The ruble gained the most in three weeks, adding 0.7% to 47.2500 per euro by 18:00 on Thursday in Moscow, when the central bank ends market operations. The advance pared its year-to-date depreciation to 4.4% versus the euro and 5.3% against dollar, the biggest drop among 24 emerging-market currencies tracked by Bloomberg after Argentina’s peso.

ECB President Mario Draghi yesterday reduced the deposit rate to minus 0.1% from zero in a bid to spur bank lending and boost the economy, making it the world’s first major central bank to use a negative rate. The ruble advanced along with many other east European assets on bets more capital would flow into higher-yielding and riskier assets.

The ECB “stimulated risk appetite and euro weakening, along with the strengthening of a number of EM currencies, including the ruble,” Alexander Morozov, Moscow-based chief economist for Russia & the Commonwealth of Independent States at HSBC, said by e-mail. “From the fundamental point of view, the ruble looks too strong, thus we expect a resumption of the weakening trend in the next few weeks.”

Russia’s economy will expand 0.2% this year, the slowest pace since a 2009 recession, according to International Monetary Fund forecasts. The central bank increased interest rates by 200 basis points to 7.5% this year to help shore up the ruble amid capital outflows following President Vladimir Putin’s incursion in Ukraine.

Bearish Options

While the increases helped calm financial markets, they also impacted money-market rates and made borrowing more costly for Russian companies, Сentral Bank Deputy Chairman Ksenia Yudaeva said in London yesterday.

The ruble has appreciated 2.9% against the dollar and 4.9% versus euro over the last month as tension surrounding Ukraine declined along with speculation over further U.S. and European Union sanctions against Russia.

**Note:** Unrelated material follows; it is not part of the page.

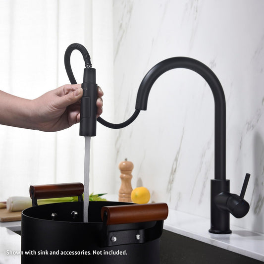 Blossom F01 205 9" x 17" Matte Black Single Lever Handle Pull Down Kitchen Faucet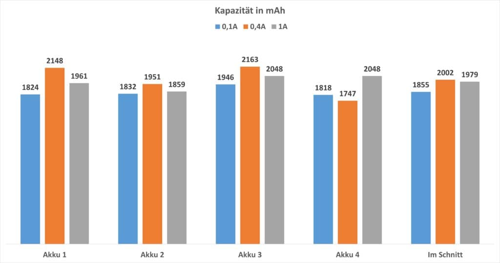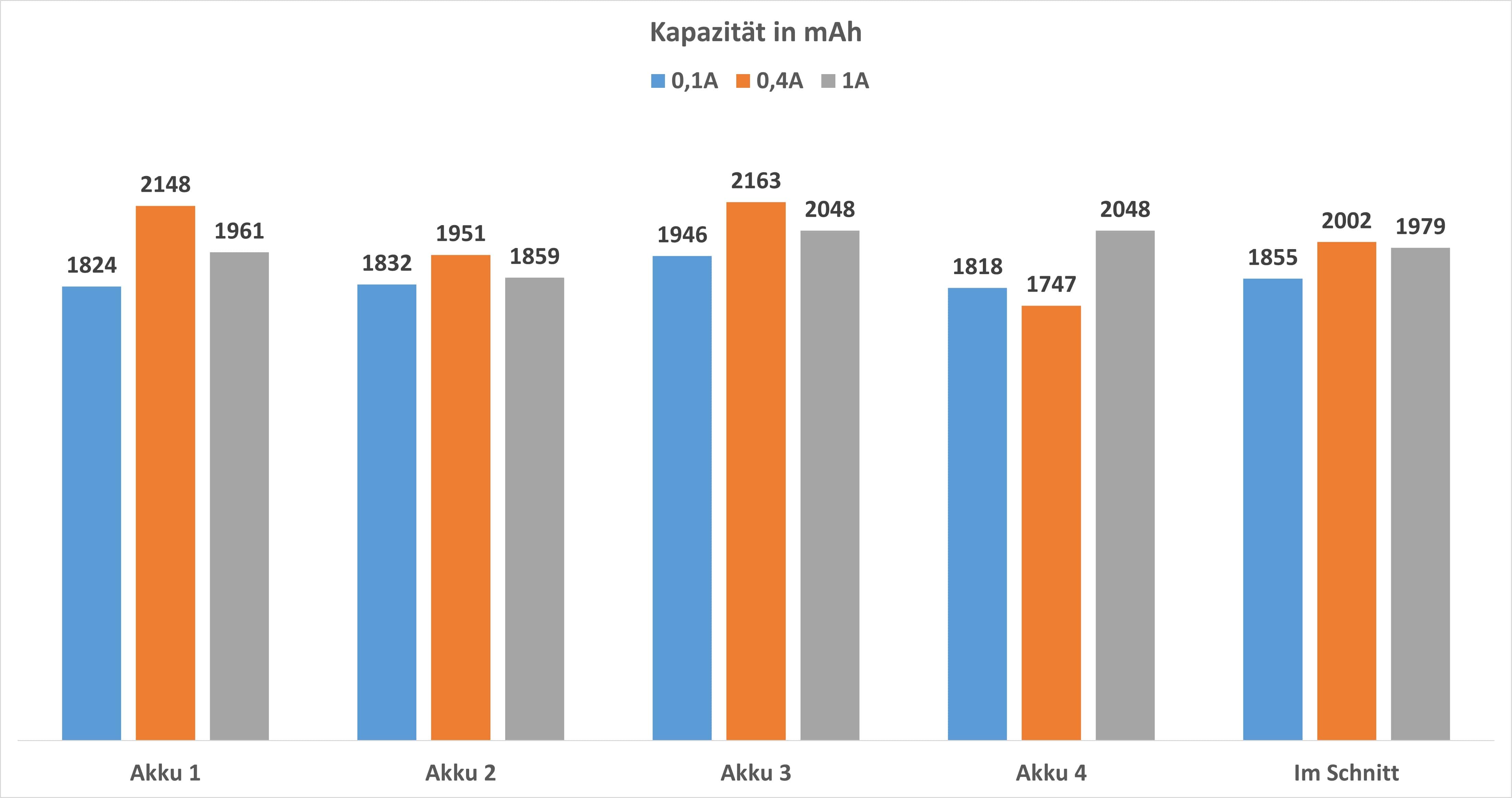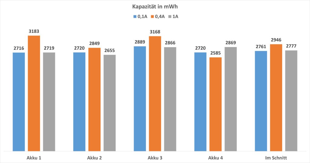 Ich habe die Kapazität der Akkus bei 3 Laststufen (0,1 A, 0,4 A, 1 A) gemessen. Zudem habe ich 4 Akkus aus dem bestellten Set getestet. Dies bildet die echte Kapazität und Serienschwankungen etwas besser ab.

The Russian currency has a 67% chance of weakening 3% to the dollar over the next three months, while it has a 39% probability of appreciation by the same scale, according to options data compiled by Bloomberg.

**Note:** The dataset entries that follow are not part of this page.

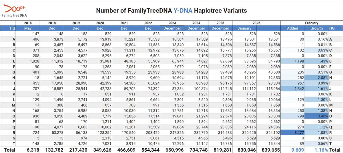 - Haplogroup R: +3,477 variants (largest numerical growth)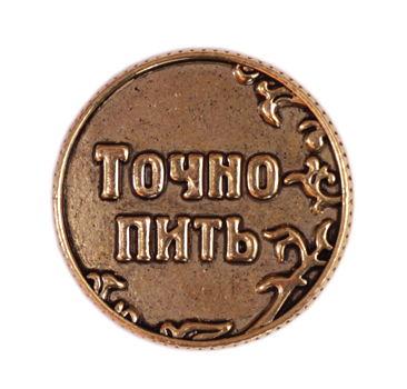 Металлическая монетка из металла цвета темного золота. На лицевой стороне изображена надпись “Пить”, на другой “Точно пить”.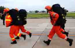 5月12日,中國國家地震災害緊急救援隊隊員在北京南苑機場集結(jié)。 當日,中國地震局新聞發(fā)言人張宏衛(wèi)通報,針對四川汶川地震,中國地震局已啟動一級預案,一支180人的救援隊已經(jīng)集結(jié)。新華社記者:王建華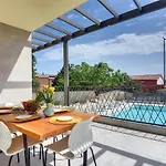 Villa Helios cuenta con una piscina y se encuentra a una distancia de 4 km de Aquarium Pula. La villa ofrece acceso a una terraza e invita a los huéspedes a visitar el Museo histórico y marítimo de Istria, situado a unos 15 minutos en coche.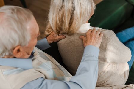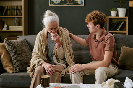Senior woman sitting on sofa holding tissue appearing emotional, while teenage boy sitting beside her comforting by gently placing hand on her shoulder
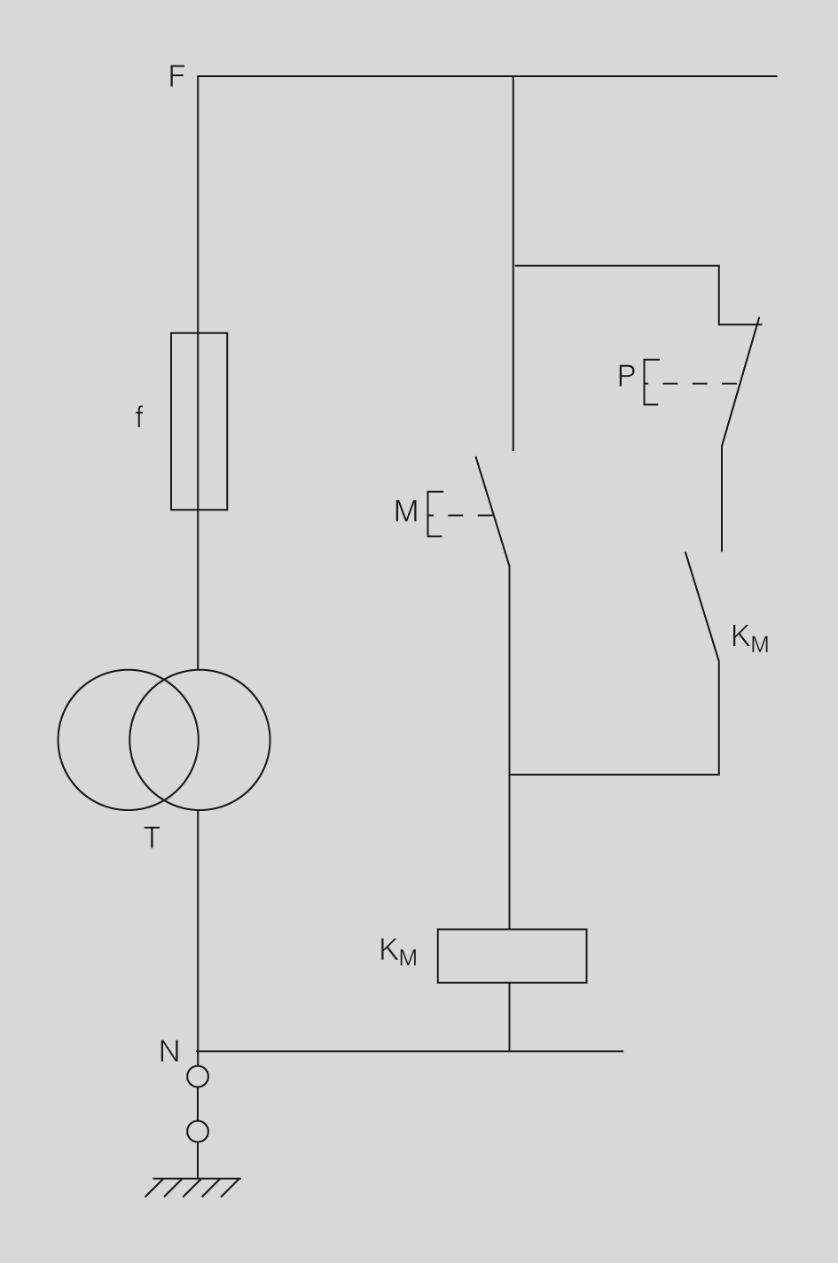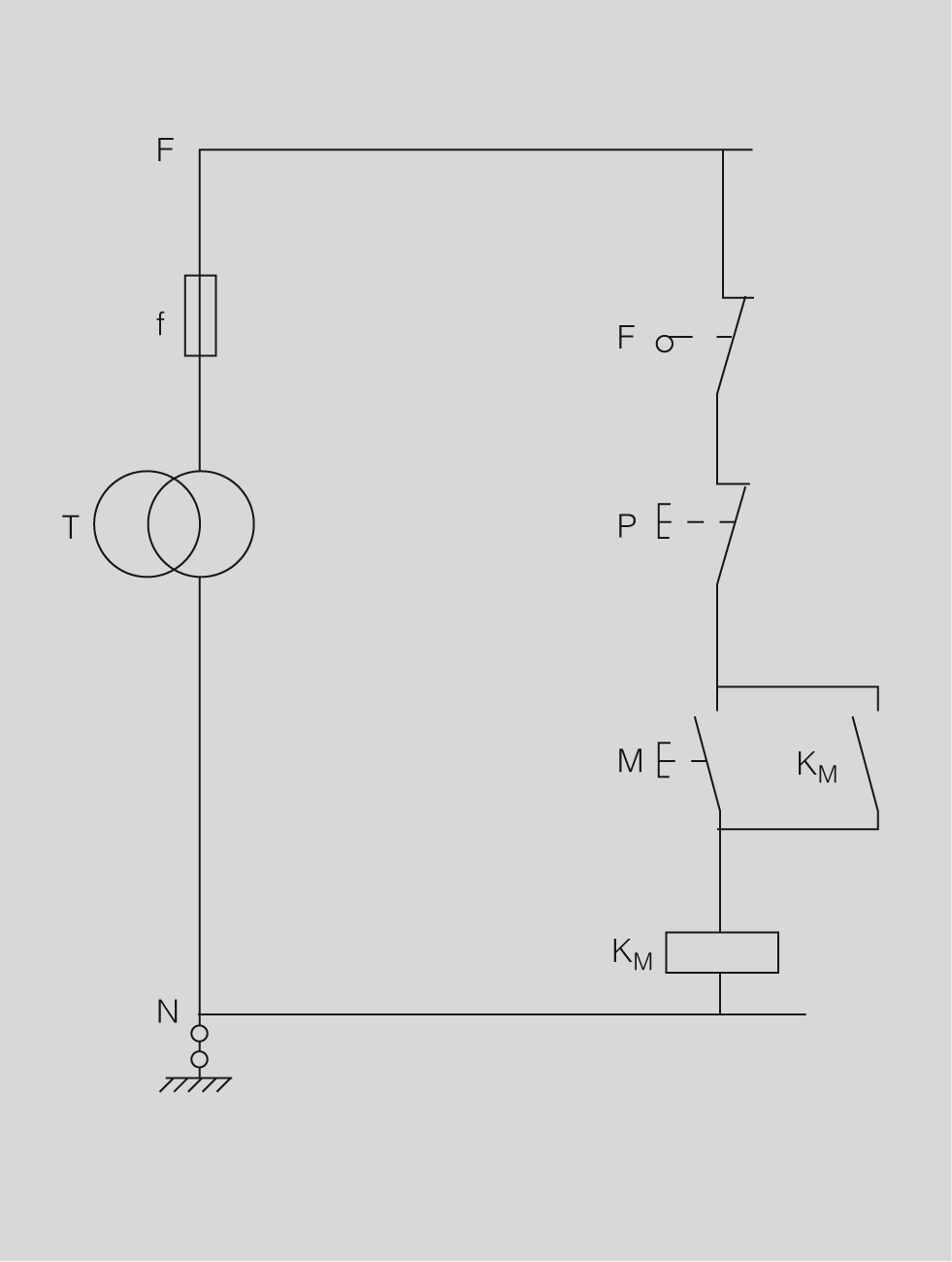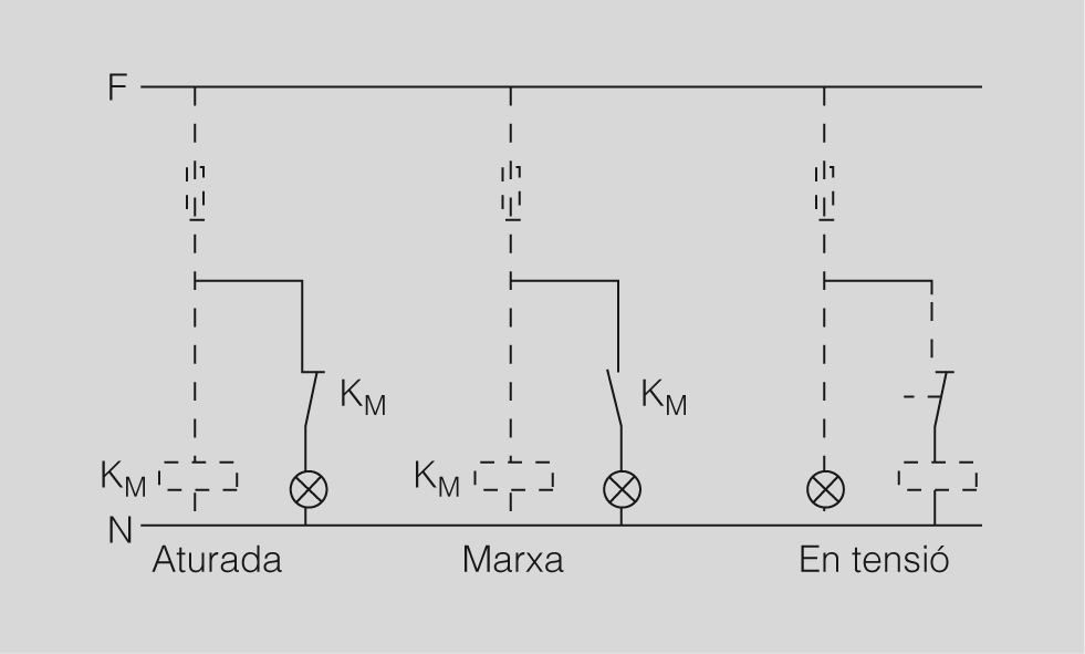 - Circuit de comandament(figura). És el circuit monofàsic, o eventualment a corrent continu, utilitzat per ordenar, governar, avisar, amidar, etc. els elements de funcionament de la màquina i permet assegurar la protecció elèctrica del circuit de potència (sobrecàrregues, etc.), la seguretat del personal encarregat del seu funcionament i en certa manera la seguretat dels elements mecànics.

The ECB opened a 400 billion euro or U.S. $542 billion liquidity channel tied to bank lending and officials will start work on an asset-purchase plan.

“The ECB’s actions are positive for all emerging markets,” Dmitry Dorofeev, a money manager at BCS Financial Group in Moscow, said in e-mailed comments. They “will help the ruble as well by increasing its carry appeal compared with European countries, Russia’s main trading partners.”

The ruble was 0.7 stronger versus the regulator’s target dollar-euro basket. Benchmark government bonds due February 2027 rose, pushing down the yield 10 basis points to 8.57%, the lowest since February 28.